- What is needed
When you copy the material below, keep every line exact and drop the pictures.
====== Raw data ======
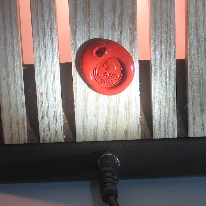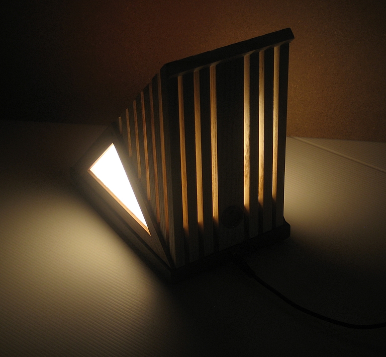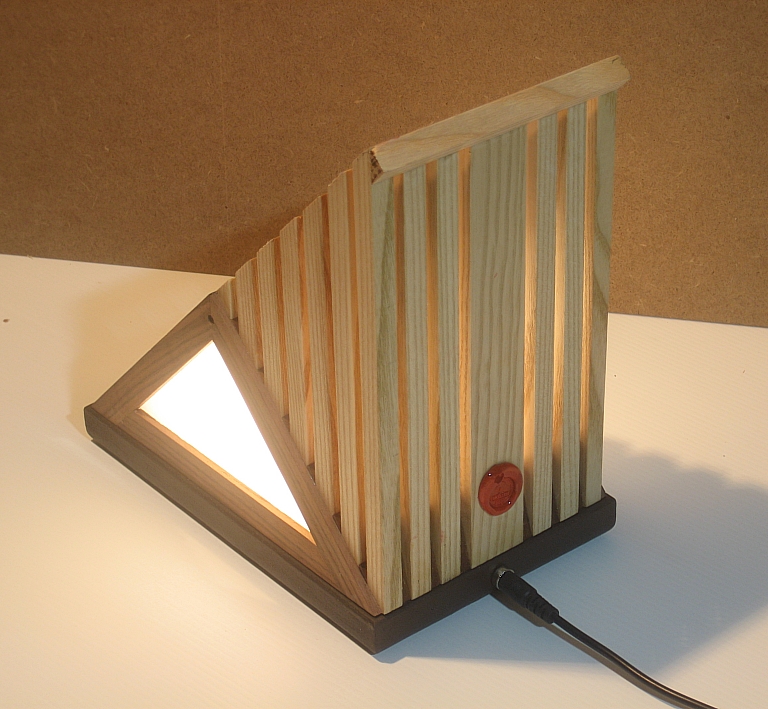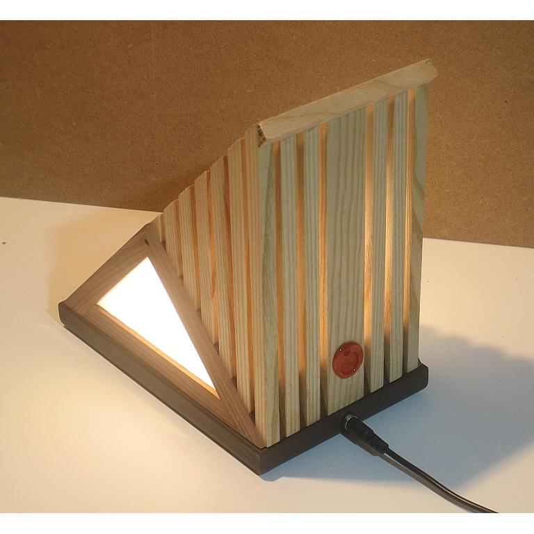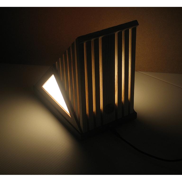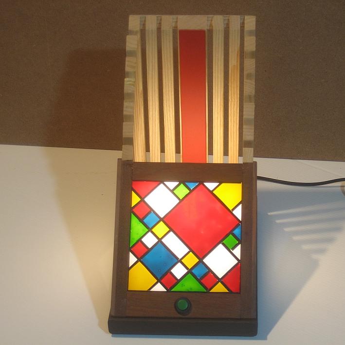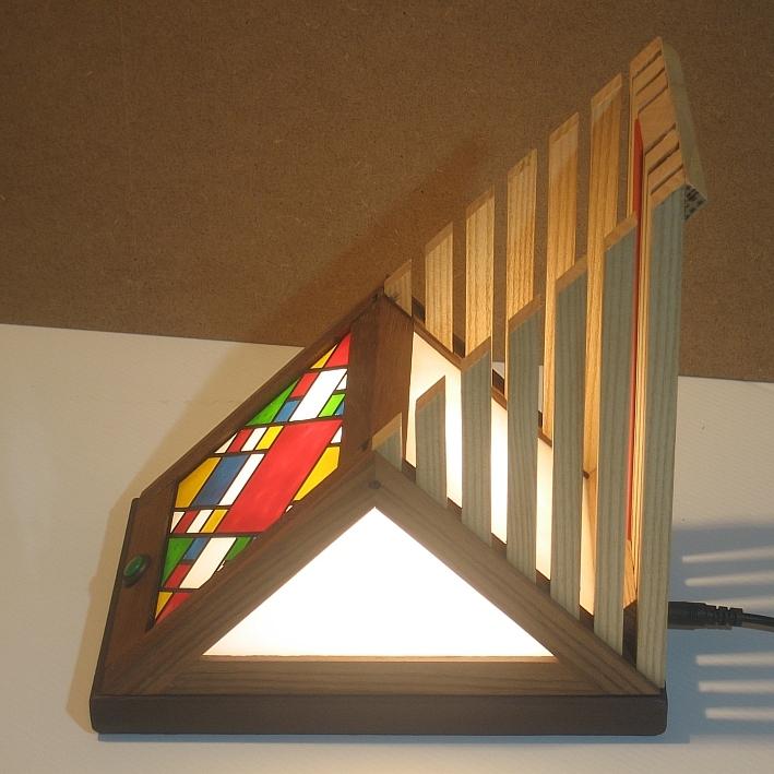 Collezione "whim", linea "Softlight"Questa lampada dal profilo triangolare come tutte le lampade di questa linea, è realizzata con due legni diversi, Noce americano e Frassino, l'elemento che la distingue dalle altre è la decorazione sempre diversa per renrerla un pezzo unico, in questa opera la composizione cromatica è geometrica ispirata a Mondrian ed eseguita con smalti per vetro su lastra acrilica.Dichiaro che la decorazione è esemplare unico, che l'opera è stata da me ideata e interamente realizzata, è siglata e autenticata con sigillo in cera lacca, completa l'autenticazione un certificato con foto, titolo e numero di catalogo, essa viene fornita con apposito alimentatore, lampada LED G4 30W e chiave per la eventuale sostituzione.
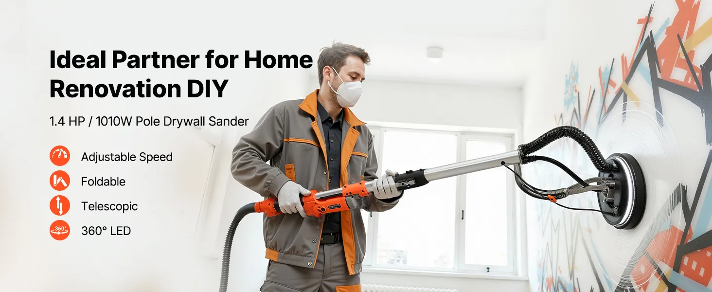 1.4 HP Pole Drywall Sander with Self-Suction Assist
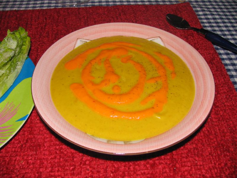 This is a recipe that I developed last Thanksgiving on a whim. It's a rustic style bisque, not strained, though you can certainly strain it if you like. This serves four as a soup course, or two as a main course with salad or bread. It may seem like a small amount of chile powder, but 1/4 teaspoon gave almost overwhelming heat with the curry powder (Penzey's Majaraja blend). The pinot noir is the beverage of choice tonight, as it will be served with osso buco style chicken thighs.
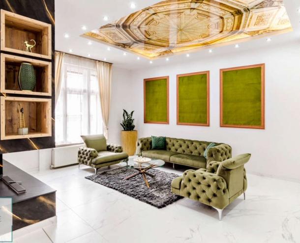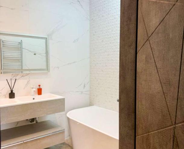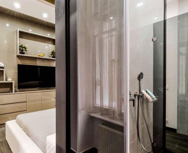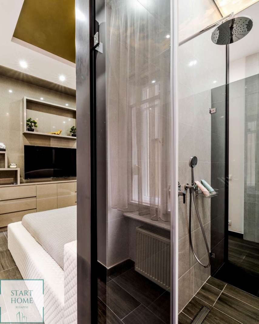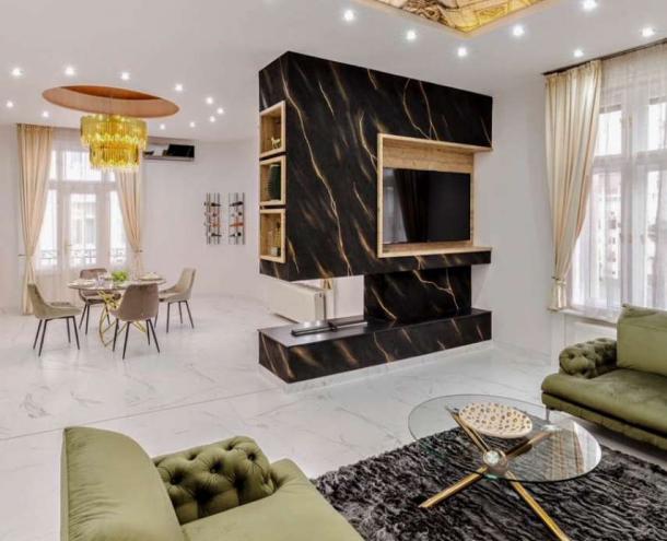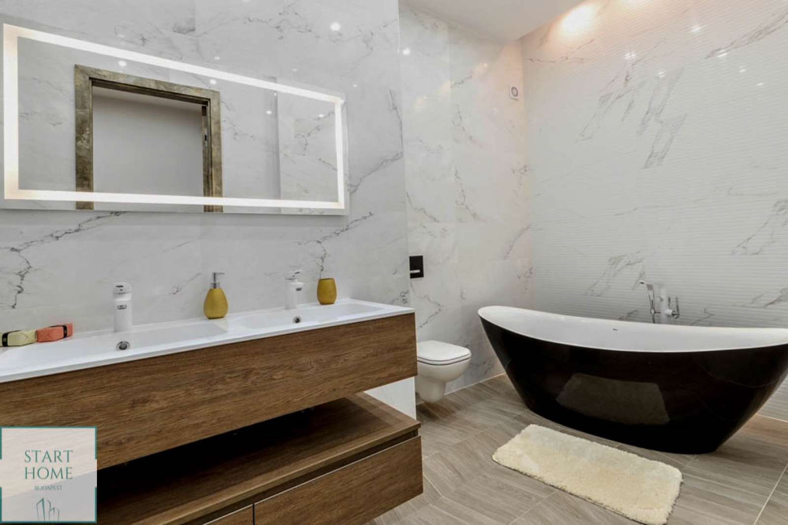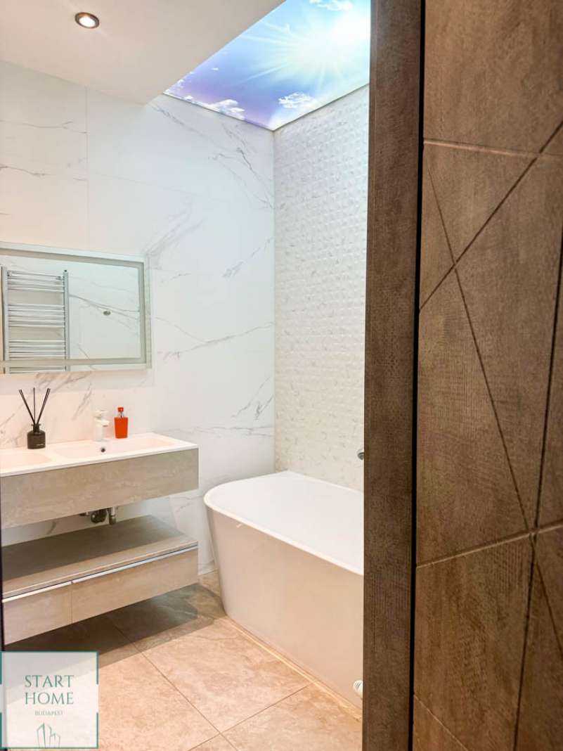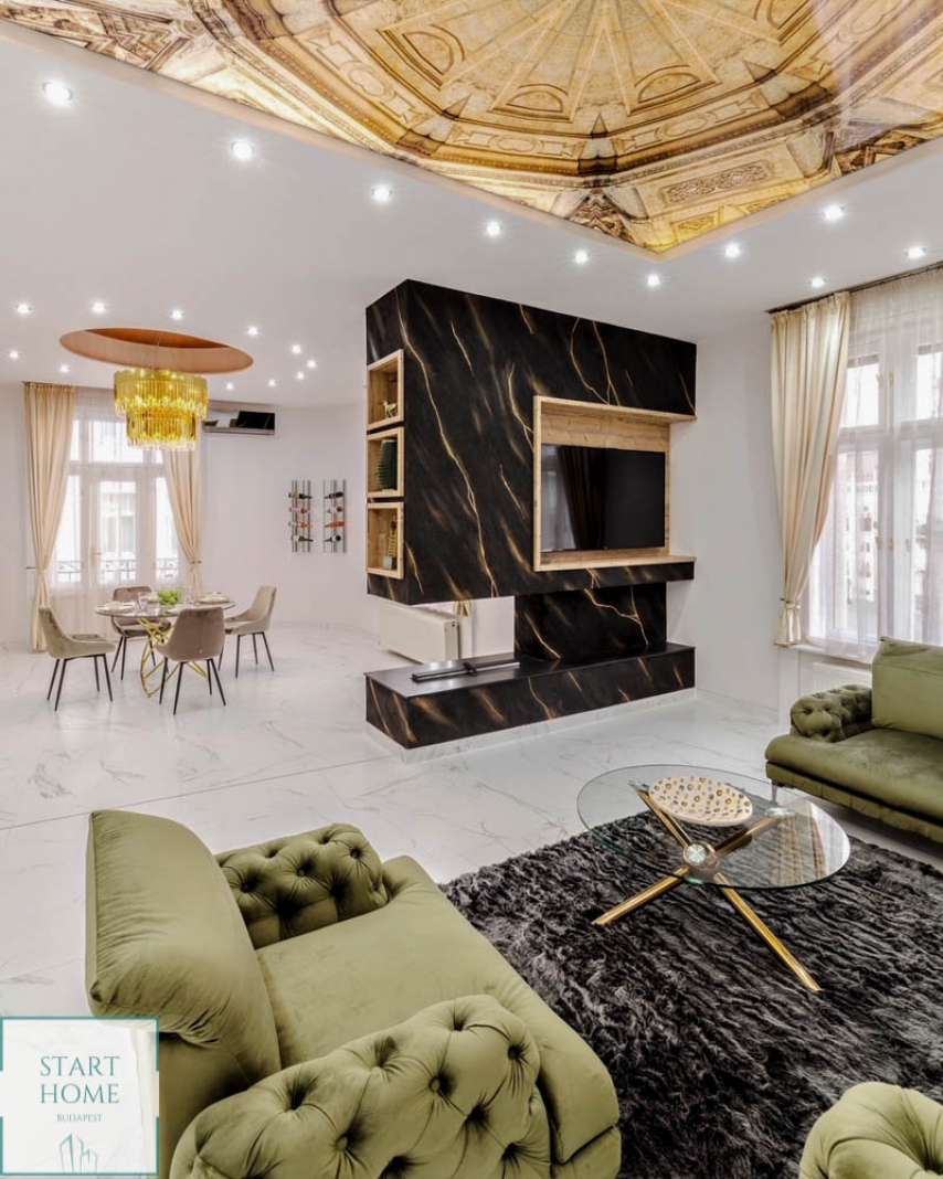 A lakás klimatizált, kandallóval felszerelt, magas minőségű burkolatokkal és egyedi megoldásokkal kialakított.
======
- Response for this exercise
 Collezione "whim", linea "Softlight"Questa lampada dal profilo triangolare come tutte le lampade di questa linea, è realizzata con due legni diversi, Noce americano e Frassino, l'elemento che la distingue dalle altre è la decorazione sempre diversa per renrerla un pezzo unico, in questa opera la composizione cromatica è geometrica ispirata a Mondrian ed eseguita con smalti per vetro su lastra acrilica.Dichiaro che la decorazione è esemplare unico, che l'opera è stata da me ideata e interamente realizzata, è siglata e autenticata con sigillo in cera lacca, completa l'autenticazione un certificato con foto, titolo e numero di catalogo, essa viene fornita con apposito alimentatore, lampada LED G4 30W e chiave per la eventuale sostituzione.
 1.4 HP Pole Drywall Sander with Self-Suction Assist
 This is a recipe that I developed last Thanksgiving on a whim. It's a rustic style bisque, not strained, though you can certainly strain it if you like. This serves four as a soup course, or two as a main course with salad or bread. It may seem like a small amount of chile powder, but 1/4 teaspoon gave almost overwhelming heat with the curry powder (Penzey's Majaraja blend). The pinot noir is the beverage of choice tonight, as it will be served with osso buco style chicken thighs.
 A lakás klimatizált, kandallóval felszerelt, magas minőségű burkolatokkal és egyedi megoldásokkal kialakított.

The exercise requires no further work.